# Reputable international movers



## 95107 (May 4, 2010)

First, my thanks to the knowledgeable members and moderators of this forum who have already provided us with many useful suggestions and valuable information!

We will be moving to Edinburgh this summer. We've begun hearing horror stories about international moving companies.

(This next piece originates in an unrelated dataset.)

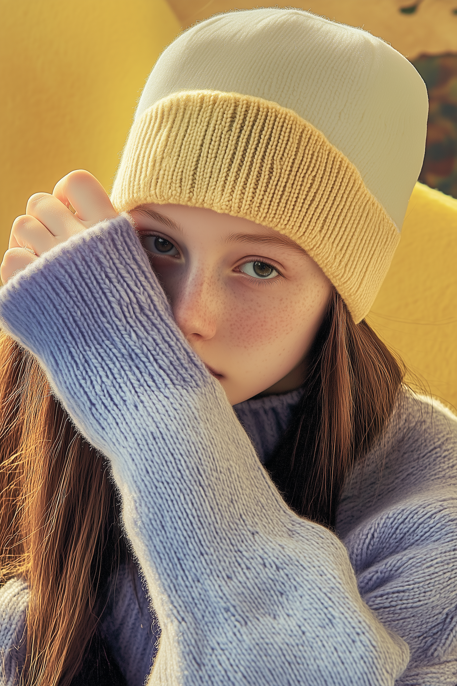 A young girl in a lavender sweater and yellow beanie gazes thoughtfully at the camera, her green eyes framed by soft, natural lighting.

Does anyone have recommendations for reputable movers, specifically for shipping from the US to the UK? This isn't a full household move-- more like 25 boxes/ 100 cubic feet.

Thank you!


----------



## HavePassportWillTravel (Feb 27, 2009)

adamjbock said:


> First, my thanks to the knowledgeable members and moderators of this forum who have already provided us with many useful suggestions and valuable information!
> 
> We will be moving to Edinburgh this summer. We've begun hearing horror stories about international moving companies.
> 
> ...


Stay tuned. We're meeting with an international mover on June 23 to discuss our move from Florida to Wales. I'll let you know what I find out.
Jann Seal


----------



## madhat (May 13, 2009)

Look for UTS movers, I think that's a worldwide brand of fairly high-quality intl. movers. We've moved twice internationally with them.


----------



## HavePassportWillTravel (Feb 27, 2009)

Thank you for the suggestion. I have written to them and am awaiting a reply. I'll let you know!
Again, thanks!
Jann Seal


----------